> _GIVEN DATA_
━━━━

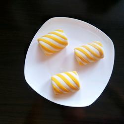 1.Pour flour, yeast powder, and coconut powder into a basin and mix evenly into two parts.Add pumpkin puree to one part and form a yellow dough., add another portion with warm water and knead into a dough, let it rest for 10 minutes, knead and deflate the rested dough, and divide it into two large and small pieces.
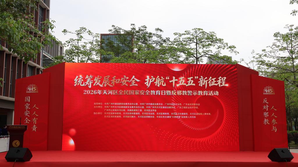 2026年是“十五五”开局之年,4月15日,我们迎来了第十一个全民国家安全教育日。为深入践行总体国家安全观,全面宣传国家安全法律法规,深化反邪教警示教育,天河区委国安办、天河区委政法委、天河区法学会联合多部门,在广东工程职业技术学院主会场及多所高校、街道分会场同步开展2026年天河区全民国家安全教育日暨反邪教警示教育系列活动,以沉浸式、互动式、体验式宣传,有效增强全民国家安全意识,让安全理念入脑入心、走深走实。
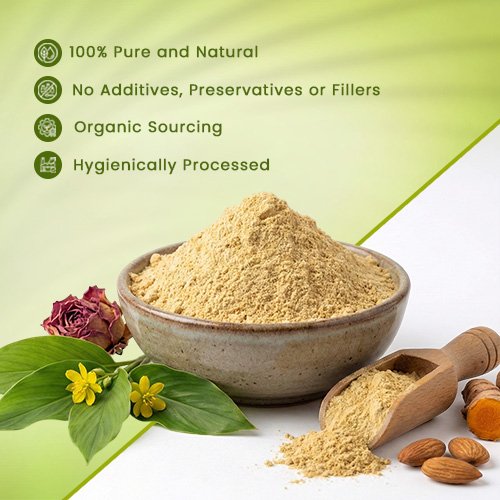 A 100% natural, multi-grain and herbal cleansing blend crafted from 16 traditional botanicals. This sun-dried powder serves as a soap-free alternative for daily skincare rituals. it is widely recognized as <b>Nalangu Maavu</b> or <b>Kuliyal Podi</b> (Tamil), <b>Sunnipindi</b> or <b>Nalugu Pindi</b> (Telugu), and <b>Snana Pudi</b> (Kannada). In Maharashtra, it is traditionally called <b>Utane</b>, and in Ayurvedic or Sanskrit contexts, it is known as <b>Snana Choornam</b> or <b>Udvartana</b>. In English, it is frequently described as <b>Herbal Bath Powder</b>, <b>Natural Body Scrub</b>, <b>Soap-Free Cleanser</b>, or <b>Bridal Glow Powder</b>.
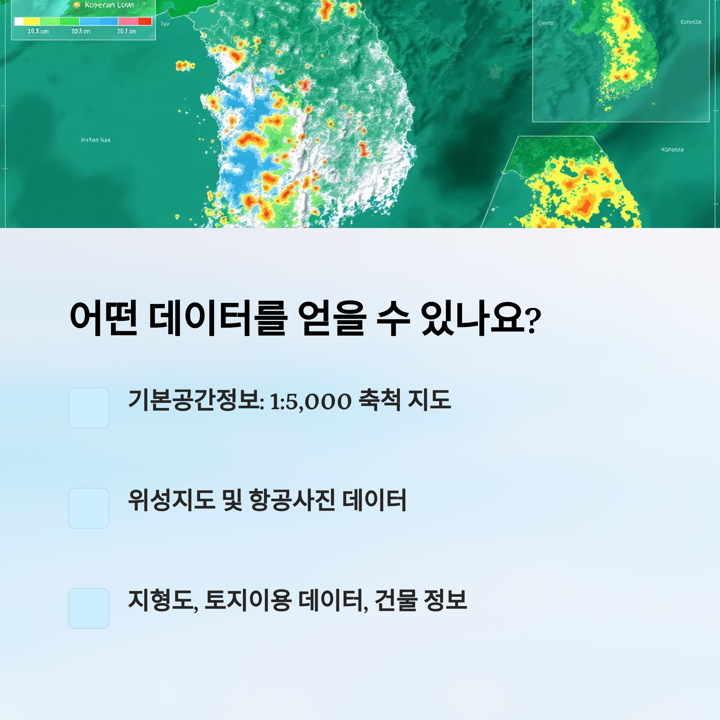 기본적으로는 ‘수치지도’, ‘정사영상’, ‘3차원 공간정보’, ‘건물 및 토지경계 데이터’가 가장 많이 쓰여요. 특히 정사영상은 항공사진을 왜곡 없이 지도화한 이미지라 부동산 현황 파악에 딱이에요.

━━━━

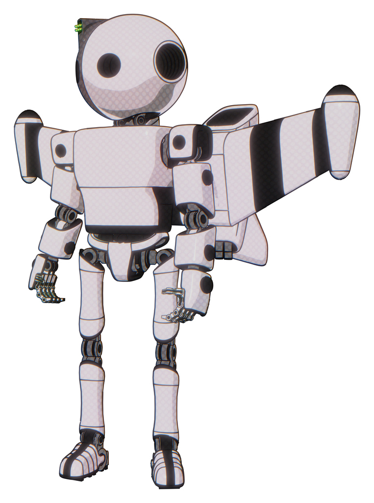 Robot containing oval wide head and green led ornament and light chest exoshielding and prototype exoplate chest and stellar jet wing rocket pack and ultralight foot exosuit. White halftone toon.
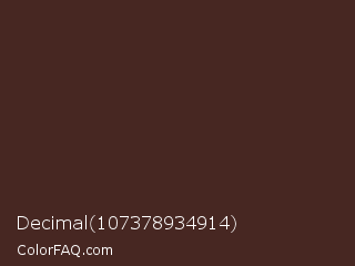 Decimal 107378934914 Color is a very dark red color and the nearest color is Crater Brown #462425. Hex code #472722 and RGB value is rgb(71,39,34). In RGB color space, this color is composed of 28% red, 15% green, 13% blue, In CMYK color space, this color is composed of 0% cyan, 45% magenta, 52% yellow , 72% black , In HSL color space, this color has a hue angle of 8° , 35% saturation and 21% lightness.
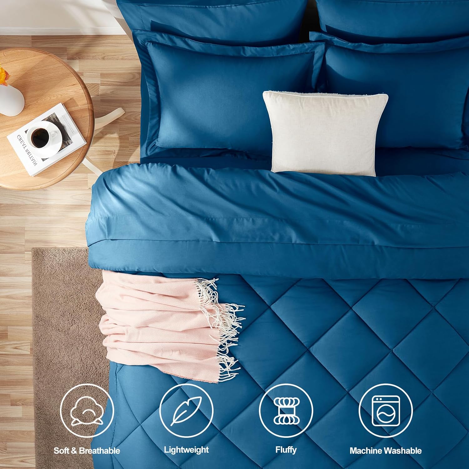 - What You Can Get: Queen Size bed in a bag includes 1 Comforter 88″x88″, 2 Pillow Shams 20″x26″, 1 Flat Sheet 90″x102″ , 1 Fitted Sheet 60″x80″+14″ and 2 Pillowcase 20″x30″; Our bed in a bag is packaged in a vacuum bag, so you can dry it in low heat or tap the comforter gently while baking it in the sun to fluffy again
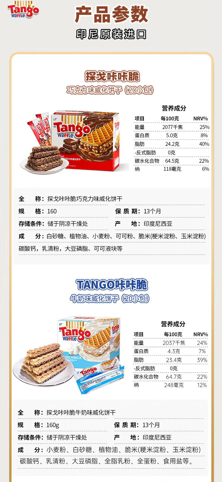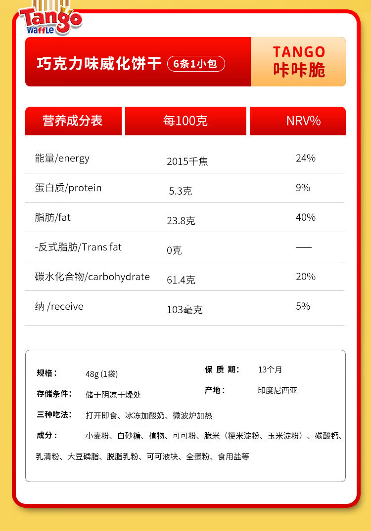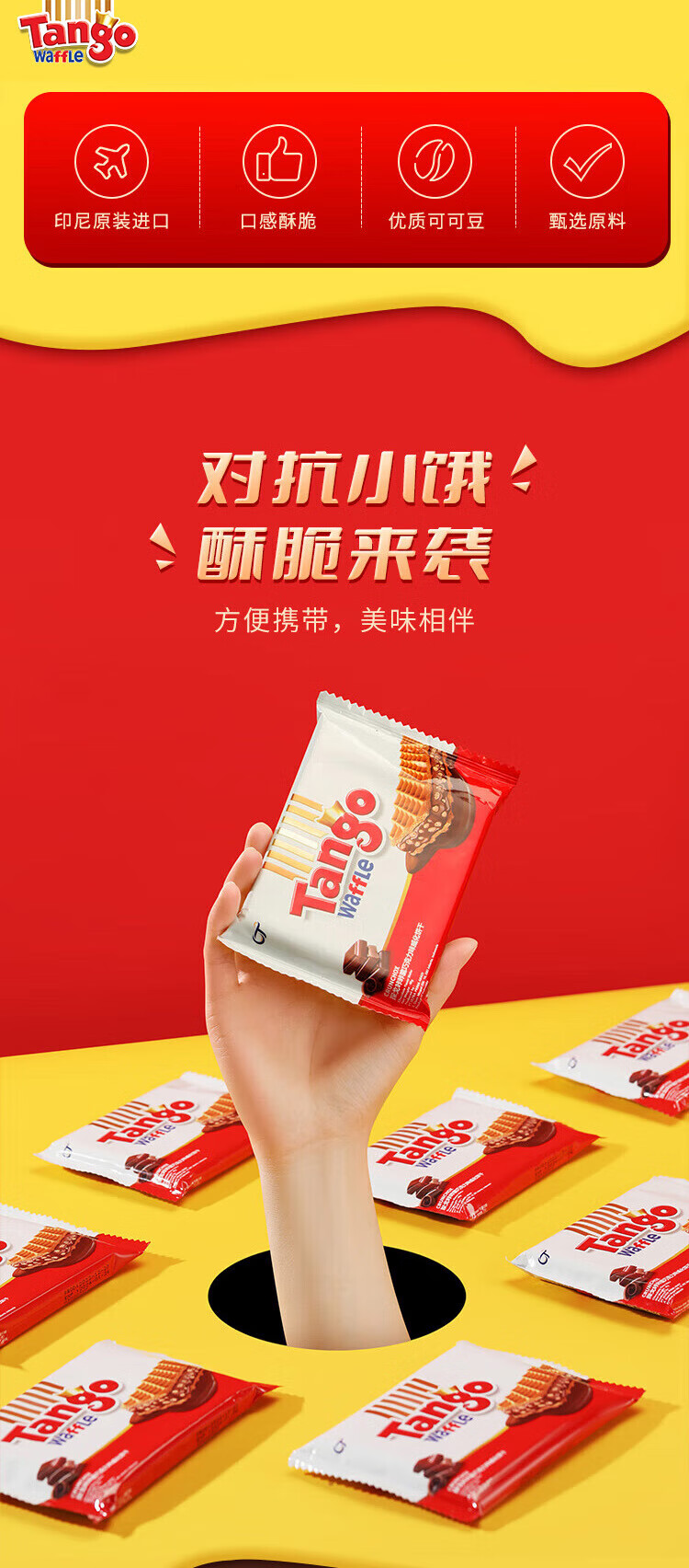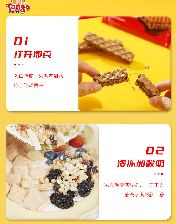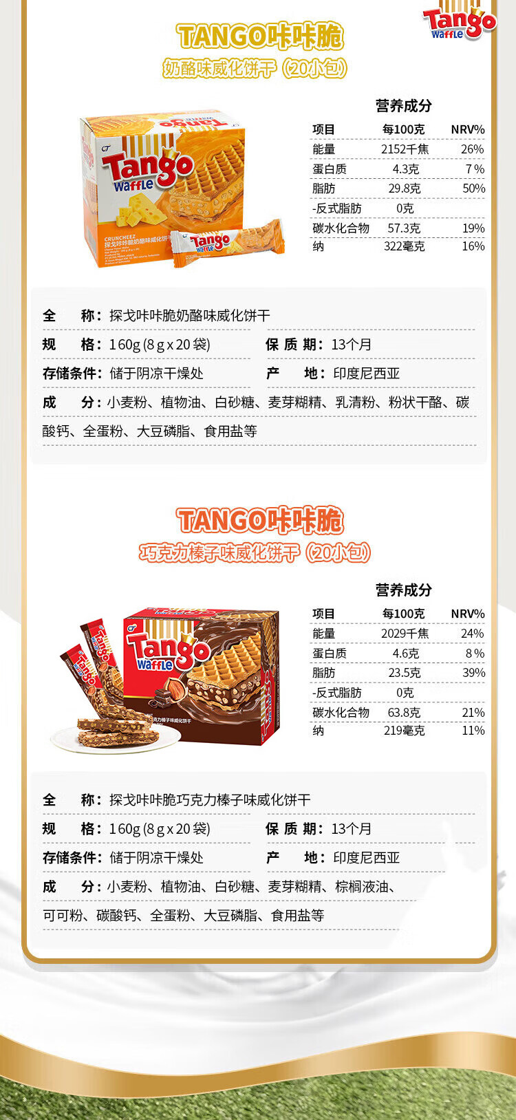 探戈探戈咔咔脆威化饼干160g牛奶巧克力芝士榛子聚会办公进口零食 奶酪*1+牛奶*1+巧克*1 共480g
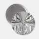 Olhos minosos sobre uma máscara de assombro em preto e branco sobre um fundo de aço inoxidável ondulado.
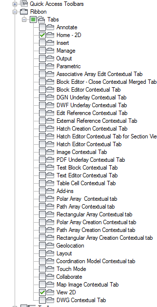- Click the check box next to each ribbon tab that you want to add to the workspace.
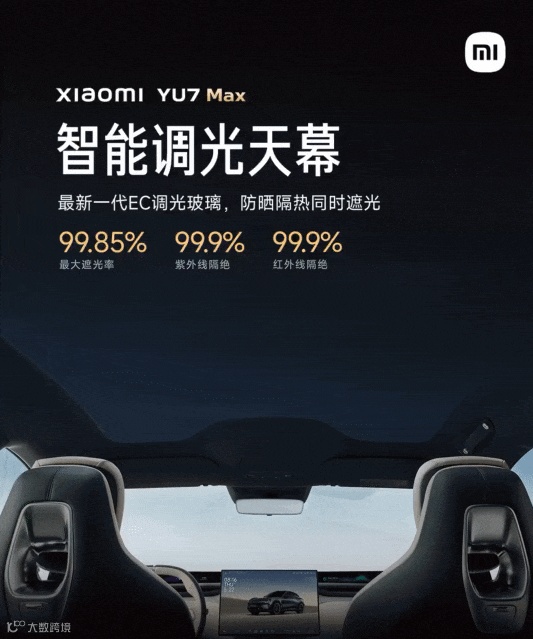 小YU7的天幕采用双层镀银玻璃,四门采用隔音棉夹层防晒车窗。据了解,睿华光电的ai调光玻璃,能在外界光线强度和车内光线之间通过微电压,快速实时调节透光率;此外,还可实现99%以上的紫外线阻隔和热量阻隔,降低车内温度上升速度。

━━━━

> _PROBLEM TO SOLVE_
In the listing above, find the line containing "1.Pour flour, yeast" and the line containing "기본적으로는 ‘수치지도’, ‘정사영상’, ‘3차원", then print exactly those two lines and every line between them, minus the pictures.

> _RESULT_
 1.Pour flour, yeast powder, and coconut powder into a basin and mix evenly into two parts.Add pumpkin puree to one part and form a yellow dough., add another portion with warm water and knead into a dough, let it rest for 10 minutes, knead and deflate the rested dough, and divide it into two large and small pieces.
 2026年是“十五五”开局之年,4月15日,我们迎来了第十一个全民国家安全教育日。为深入践行总体国家安全观,全面宣传国家安全法律法规,深化反邪教警示教育,天河区委国安办、天河区委政法委、天河区法学会联合多部门,在广东工程职业技术学院主会场及多所高校、街道分会场同步开展2026年天河区全民国家安全教育日暨反邪教警示教育系列活动,以沉浸式、互动式、体验式宣传,有效增强全民国家安全意识,让安全理念入脑入心、走深走实。
 A 100% natural, multi-grain and herbal cleansing blend crafted from 16 traditional botanicals. This sun-dried powder serves as a soap-free alternative for daily skincare rituals. it is widely recognized as <b>Nalangu Maavu</b> or <b>Kuliyal Podi</b> (Tamil), <b>Sunnipindi</b> or <b>Nalugu Pindi</b> (Telugu), and <b>Snana Pudi</b> (Kannada). In Maharashtra, it is traditionally called <b>Utane</b>, and in Ayurvedic or Sanskrit contexts, it is known as <b>Snana Choornam</b> or <b>Udvartana</b>. In English, it is frequently described as <b>Herbal Bath Powder</b>, <b>Natural Body Scrub</b>, <b>Soap-Free Cleanser</b>, or <b>Bridal Glow Powder</b>.
 기본적으로는 ‘수치지도’, ‘정사영상’, ‘3차원 공간정보’, ‘건물 및 토지경계 데이터’가 가장 많이 쓰여요. 특히 정사영상은 항공사진을 왜곡 없이 지도화한 이미지라 부동산 현황 파악에 딱이에요.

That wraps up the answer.